In 2007, the House of Commons passed a motion for the federal government to adopt Jordan’s Principle which called for the first government of contact to pay for a child’s essential service or services and then seek reimbursement afterwards. It was meant to prevent First Nations children from being denied essential services or experiencing delays.
The First Nations Child and Family Caring Society and the Assembly of First Nations filed the complaint with the Canadian Human Rights Commission in 2007. The federal government tried and failed to have the case dismissed in federal court.
Current funding is inadequate – Arlene Johnson
Currently, Mi’kmaw Family and Children’s Services isn’t able to provide more preventative programs due to the lack of funding issue, Johnson said.

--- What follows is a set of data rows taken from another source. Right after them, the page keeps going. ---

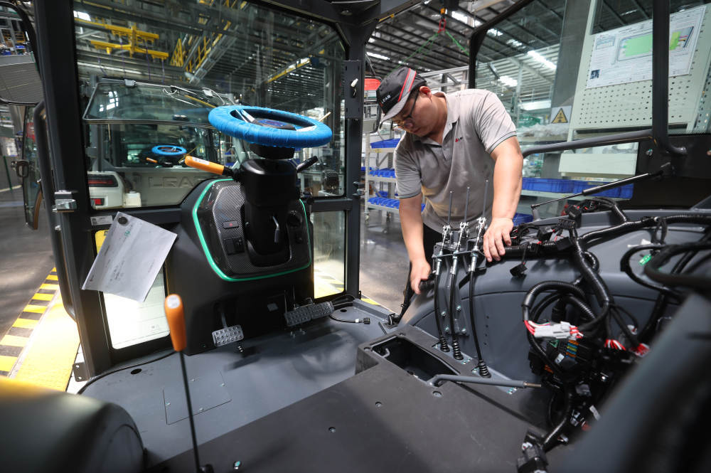 7月27日✿✿◈,工人在山东省临沂市兰山区临工智慧农机装备产业园的流水线上组装拖拉机✿✿◈。新华社发(王彦冰摄)
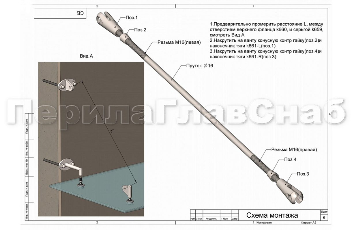 k668-16-L2 Вант (тяга) для козырька М16, 1000-2000 мм (AISI 304)
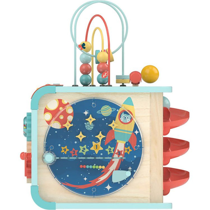 Spend hours exploring, playing and learning with this wonderful activity cube! With five music modes to go with the five themes, the cube also features turning gears and cogs, a pinball game, bead maze, shape matching, ball run tracks and more! The activities will even keep your little ones engaged and amused as they g
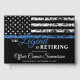 This design features a police force flag with black and white stripes, and a thin blue line stripe as well. "The Legend is Retiring" text sits above the customisable name of the retiring law enforcement officer, sheriff, captain, or chief. Celebrate this milestone in style!
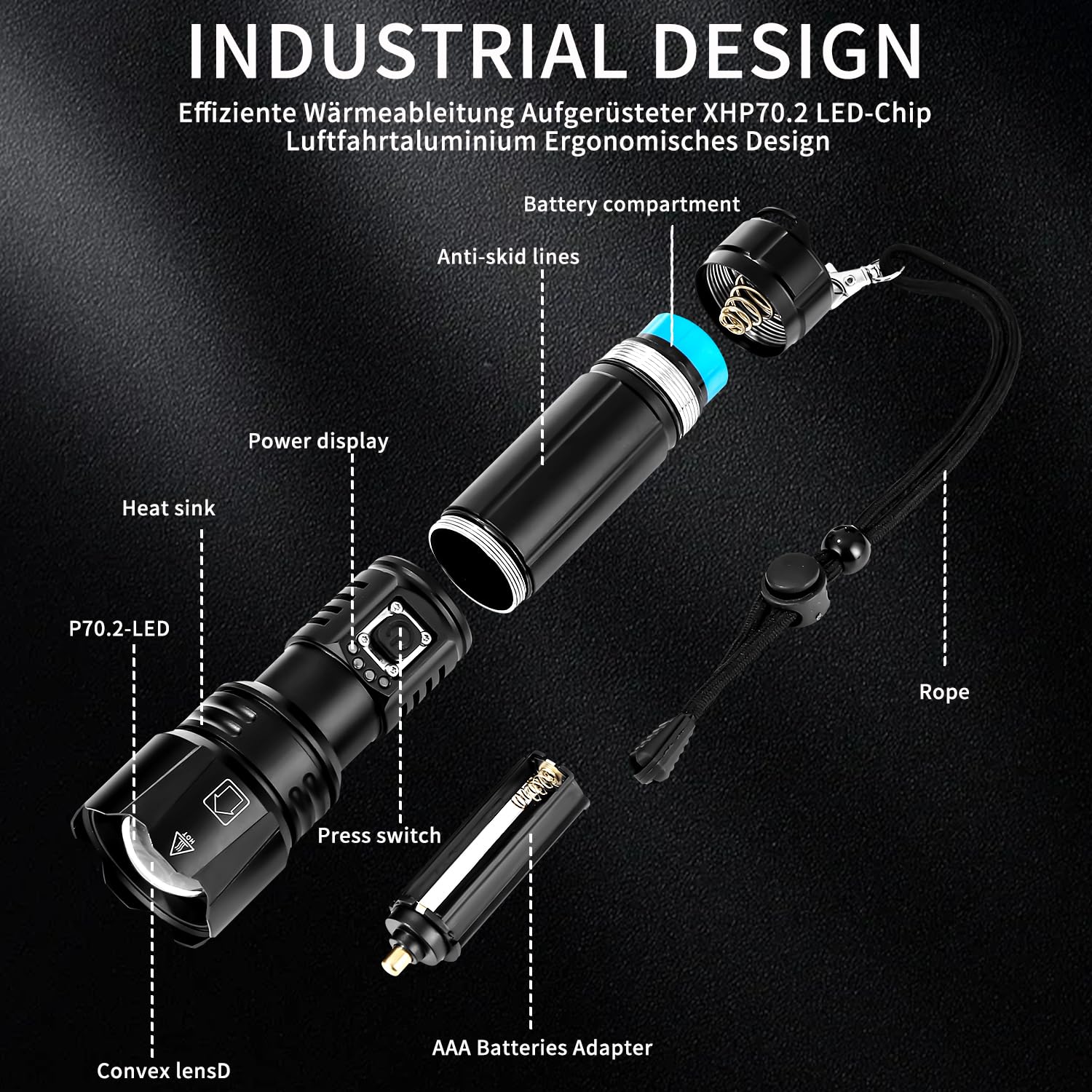 • LED torch extremely bright: LED torch is equipped with an XHP70.2 chip, which allows a light output of 100,000 lumens. A 150 square metre room can be easily illuminated, you can also focus objects up to 500 metres away. Perfect for outdoors, hiking, camping, fishing, emergencies and also an ideal gift for men.

“Bottom line, we were just receiving a fraction of the funding to deliver (aboriginal) child welfare in Nova Scotia compared to our provincial counterparts,” she said.
Johnson said the child and welfare agency needs more money to expand on services such as family group conferencing, family and community healing projects and develop its own adoption program.
“Everything is going hand in hand with the recommendations from the Truth and Reconciliation Commission to the … equitable funding for child welfare agencies,” Johnson said.
Johnson said her organization will be meeting Wednesday and Thursday to discuss its role in implementing the tribunal’s decision.